Protection of civilians in Information Warfare/Operation – DEWG 5/2/2022 Hawaii #2

by | Aug 12, 2022 | Free Speech, Open Blog | 0 comments

Is there good disinformation?  Maybe, Ukrainian “ghost of Kiev.” Apparently, according to Twitter, Ukranians are doing very well already in that regard. All states engage in IW/IO. It has been confirmed that Russia clearly engaged in IW/IO around the U.S. elections.

I usually speak in the spaces where the fundamental question is how to or how not to respond to disinformation as a bad social phenomenon but I noticed that the question here is a little different:  how to engage in IW/IO without hurting civilians or human security.  Hence the title of our session: Legal Challenges of Protecting Civilians in IW/IO. Note that it is NOT challenges “in” protecting civilians but it is challenges “of” protecting civilians. Protection of civilians is the challenge.

In other events, A lot of what I said about disinformation were to point out how the suppressive approaches such as criminalization, intermediary liability, and algorithmic transparency have misfired and that freedom of speech, enhanced freedom of speech should be protected.

Fortunately, these things will help the military because this justifies IW/IO: the unwritten ethical rule is that if people are afforded free speech, an arm of government can of course engage in it also. The freedom of speech provides a minimum platform on which the military can build on. Yes, there are actions that state should not engage in that individuals cannot: there is a requirement of neutrality.  However, once in the military (therefore adversarial) objectives are involved, they trump that requirement of neutrality.

Having said that, I think that one of the most important IW/IO is to inform civilian colleagues of the pitfalls of the suppressive approaches or otherwise strengthen freedom of speech enjoyed by the people by providing more information as needed.

All in all, being aware of international human rights norms will strengthen not only civilian resilience on one hand to reduce collateral damages and on the other hand protect the space of legitimacy within which to engage in IW/IO.

In long-term, we need to go beyond that if you want to meet the challenges of protecting the civilians properly.
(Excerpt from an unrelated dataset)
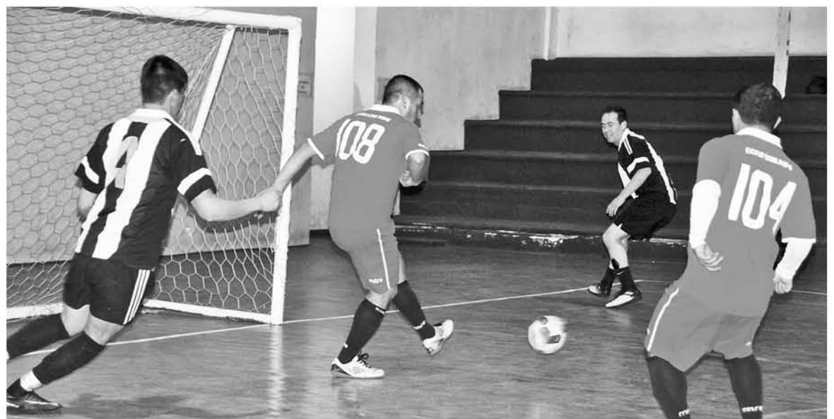
EL CAMPEONATO FINALIZARÁ en septiembre con una ceremonia de término donde será la premiación de los adultos.

peonato dijo "espero que se cumplan todas las expectativas independiente de los resultados tantos positivos como negativo en cuanto a los mar-

States need rules of engagement. International Humanitarian law covers physical warfare. But there is no parallel for information warfare.  IHL has elements responding to information needs. One way to respond to disinformation is the ability to engage in Counter-warfare by the government. Also, shall we limit the state’s ability for cyberwarfare? How about Ukraine? For example, if Russia Today and Sputnik are blocked, it can be IO.

One participant said that it is only proportionality between deception operation vs information operation. Another participant said that there is distinction between legitimate information operation and illegitimate information operation, for instance, the rule of no attack on journalists. Raising that voluntary rule to a global norm will be a great project.

One way to respond to disinformation is domestic regulation on false information but legal hurdles are huge because of free expression doctrines on “false news” crimes, intermediary liability safe harbor, finally state immunity doctrine if we want to apply that against foreign government’s information warfare.

In building IHL for cyber warfare, we should rise above the limitation of armed conflicts because often cyber warfare happens completely outside substantive armed conflicts. Another way of saying it is that cyberoperation is also armed conflict if it causes harms.

Having said that, we can think of a few rules such as:

“Cannot use disinformation to encourage violence”;

“Cannot encourage violation of human rights”;

“Cannot use disinformation to benefit from surrender”;

“Cannot render essential facilities useless by disinformation”.